Stolen Concepts All the Way Down

Much philosophical and theological confusion reigns because people unwittingly engage concept-theft. It consists of using a concept to which one is not epistemologically "entitled" because the speaker denies its logical foundation. Thus the user has "stolen" it."

For example, if you were to deny the legitimacy of the concept parent--say, you believed new human beings came into existence way other than commonly thought--you would not be entitled to use the concept orphan since orphan logically depends on the concept (biological) parent. Our concepts, constructed as they are from our identification of things in the world, exist (or ought to exist) in nonarbitrary, often hierarchical relationships with other concepts. The higher the level of abstraction (for example, animal), the more a concept subsumes other, lower level concepts (dog, cat, etc.). A little thought shows this to be true.

The term stolen concept was coined by the philosophical novelist Ayn Rand. The idea is something like question-begging. With question-begging, one smuggles one's conclusion, the thing to be proved, into one's premises--cal it concept-smuggling. With concept-stealing, one tries to use the concept one is denying against itself, much like using the law of identity to refute the law of identity. That's an "illegal" move. 

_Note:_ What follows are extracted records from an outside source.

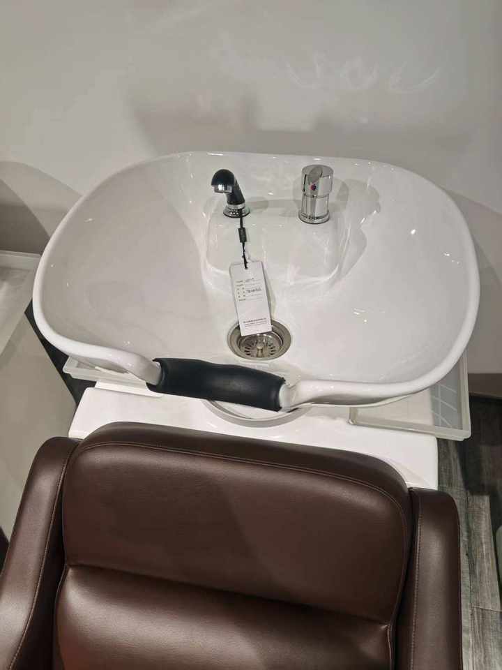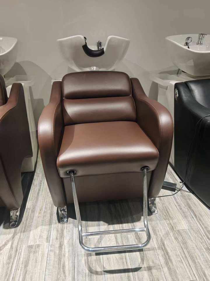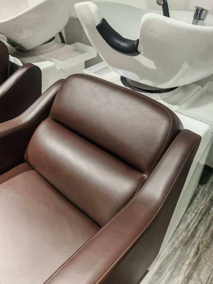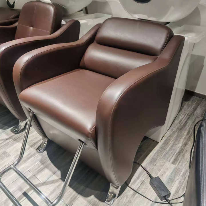 Chaise de lavage confortable pour salon de coiffure, avec bac à shampoing en céramique réglable, cadre en bois moderne, haute densité, pour salons de coiffure et hôtels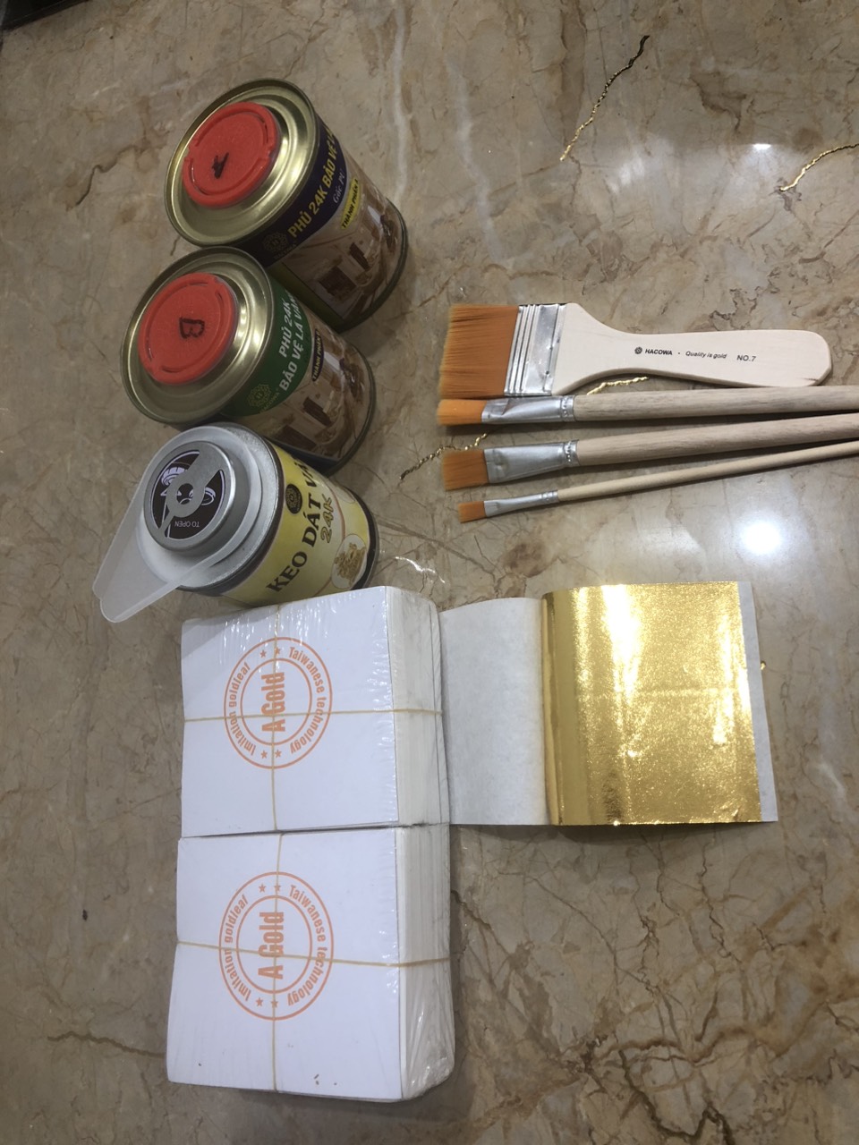 Combo 1000 A gold keo 24k kèm phụ kiện dành cho gỗ, kim loại, nhựa ( chổi cước S7, bút cước S4. S11x2)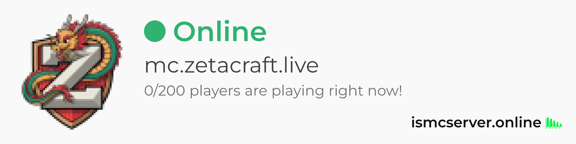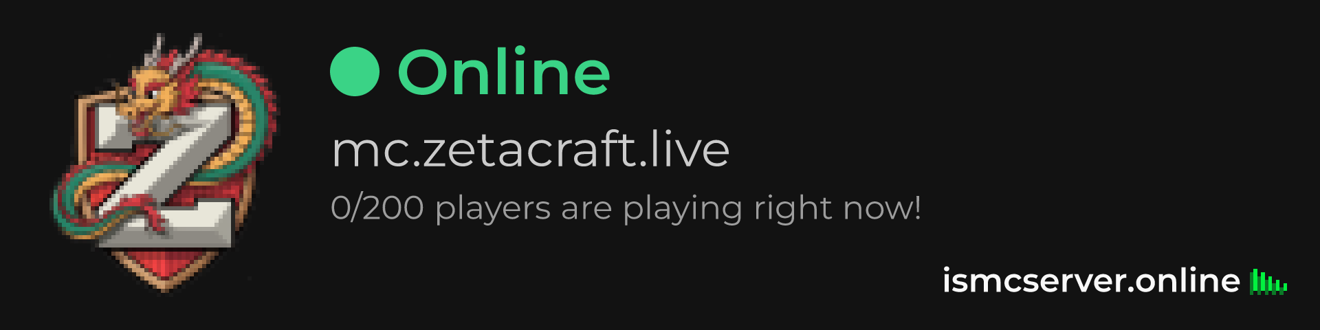 Dark theme: https://ismcserver.online/mc.zetacraft.live/widget?dark=true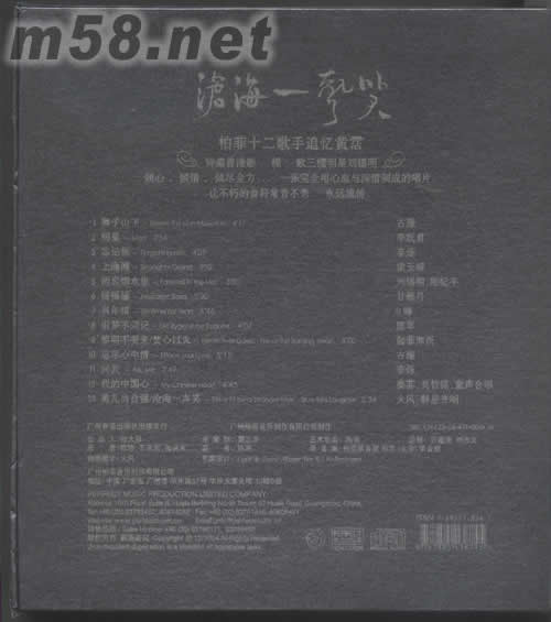 滄海一聲笑(珍藏版)(m58.net) 請(qǐng)點(diǎn)看產(chǎn)品正、背面大圖 柏菲十二歌手追憶黃沾 特邀香港影視歌三棲明星劉錫明 傾心、傾情、傾盡全力……一張完全用心血與深情制成的唱片 讓不朽的音符常青不老,永遠(yuǎn)流傳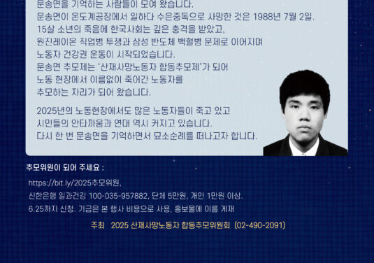 2025 산재사망노동자 합동추모제·묘소 순례 이름 없는 ‘문송면들’을 기억하며 함께 걸어요 2025.06.29(일) 10:30~12:30 ...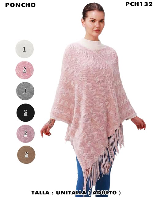 PCH132 – Poncho Ligero con Flecos y Tejido Zigzag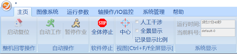 軟(ruan)件主頁包(bao)括啟動(dong)復位,自動(dong)工(gong)作,暫停作業和(he)全體停止(zhi)按鈕。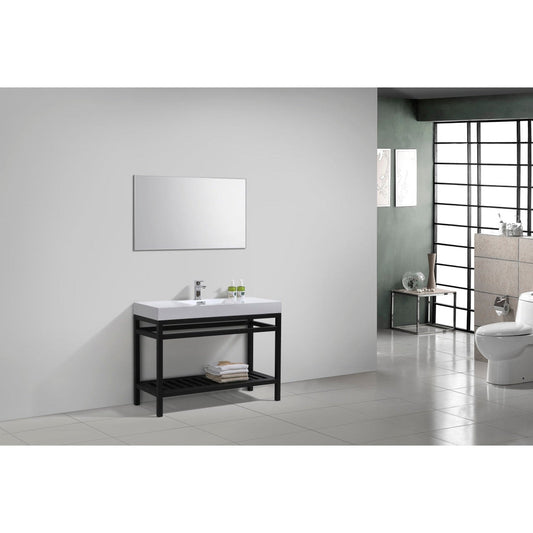 KubeBath Cisco 48" Stainless Steel Matte Black Console Freestanding Modern Bathroom Vanity With Single Integrated Acrylic Sink With Overflow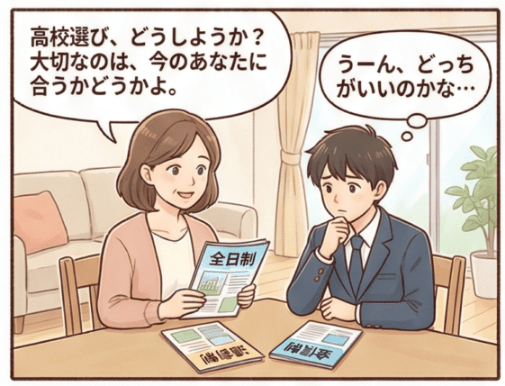 「通信制高校がいい」「全日制高校がいい」と結論を急ぐのではなく、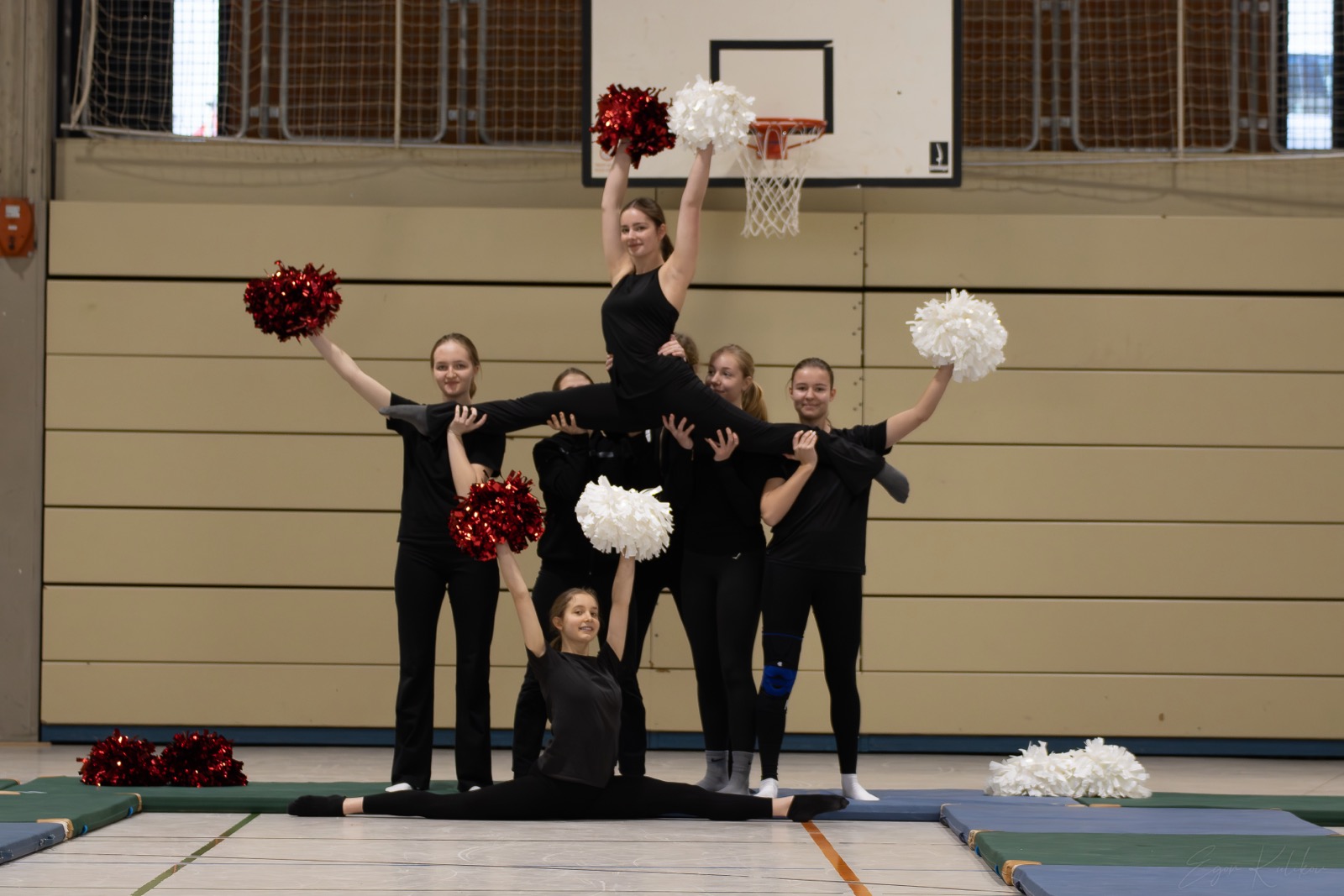 Zusammen mit Frau Sirocko haben wir uns erstmal die verschieden Bestandteile des Cheerleadings (also Motions,Tumblings, etc.) angeschaut und selbst ausprobiert. Toll war, dass wir alle einmal alles ausprobieren durften, bei der finalen Choreo aber jede:r nur das gemacht hat, was er:sie am besten kann und gerne machen wollte. Am Ende haben wir dann selbst zu dem Lied „Golden“ aus K-Pop Demon Hunters eine Choreo getanzt und geturnt. Ein paar Fotos davon könnt ihr auch hier sehen.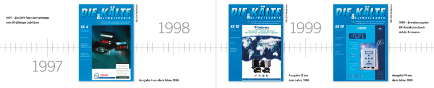 Und obwohl das Kälteanlagenbauerhandwerk seit den 90er-Jahren eine Hauptleserzielgruppe der KK darstellte, gab es gleichzeitig eine regelmäßige aktuelle Berichterstattung über das nationale und auch internationale Branchengeschehen, mit Reportagen über DKV-Tagungen, FKW-Seminare oder FGK-Infoveranstaltungen sowie über Messen wie die IKK, die ISH, die Mostra Convegno, die ASHRAE-Show oder die Interclima.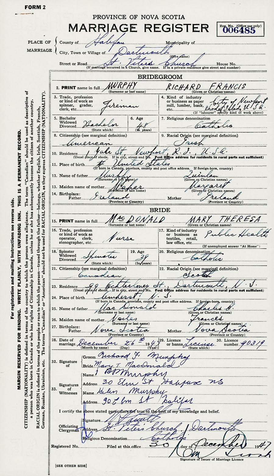 28. Date of marriage December 26 1947 29. By license or banns License 30. License number 90319

A similarly illegal move is to deny free will while using concepts that entail willful activities like reasoning, deliberating, discoursing, and justifying--all undeniably purposive activities aimed at discovering the truth about the world. (Why do determinists constantly ask us to think about things?) In the argument against free will, it's stolen concepts all the way down. 

Interestingly, Descartes identified a stolen concept when he said that he could not doubt anything without existing. Thus doubt logically presupposes faculty of consciousness. Unfortunately, he committed his own act of theft: consciousness presupposes existence. As Rand put it, consciousness is consciousness of something; a consciousness that was conscious of itself alone is an absurdity; it could not identify itself as consciousness before it was conscious of something other than itself. Hence, "existence exists." We can take this further and say that since consciousness refers to a kind of action--say, paying attention, minding this or that, or thinking--it's not just consciousness that exists but conscious beings, since action presupposes actors. Disembodied consciousness is a meaningless idea.

So contrary to Descartes existence not consciousness is primary. "I think therefore I am" becomes "Existence exists therefore I, conscious being, am."

This is from philosopher Neera Badhwar's supplement to her article on Rand in the Stanford Encyclopedia of Philosophy:  

Judgments that deny their own conceptual presuppositions are ... invalid. The possibility that all of our experience is a dream, for example, is rejected as what Rand calls a “stolen concept” fallacy, since possession of the concept “dream” presupposes the ability to distinguish dreaming from waking. This is because genuine possession of a concept requires both the ability to derive an abstraction from concretes and the ability to go on to apply it to new concretes; if all our experience were a dream, the concept of waking could neither be derived from nor applied to any concretes. Those who claim to have grasped a concept but are unable to recognize instances of it “have not performed either part of the cycle: neither the abstraction nor the translating of the abstraction into the concrete”. As with an electric circuit, “no part of it can be of any use, until and unless the cycle is completed.”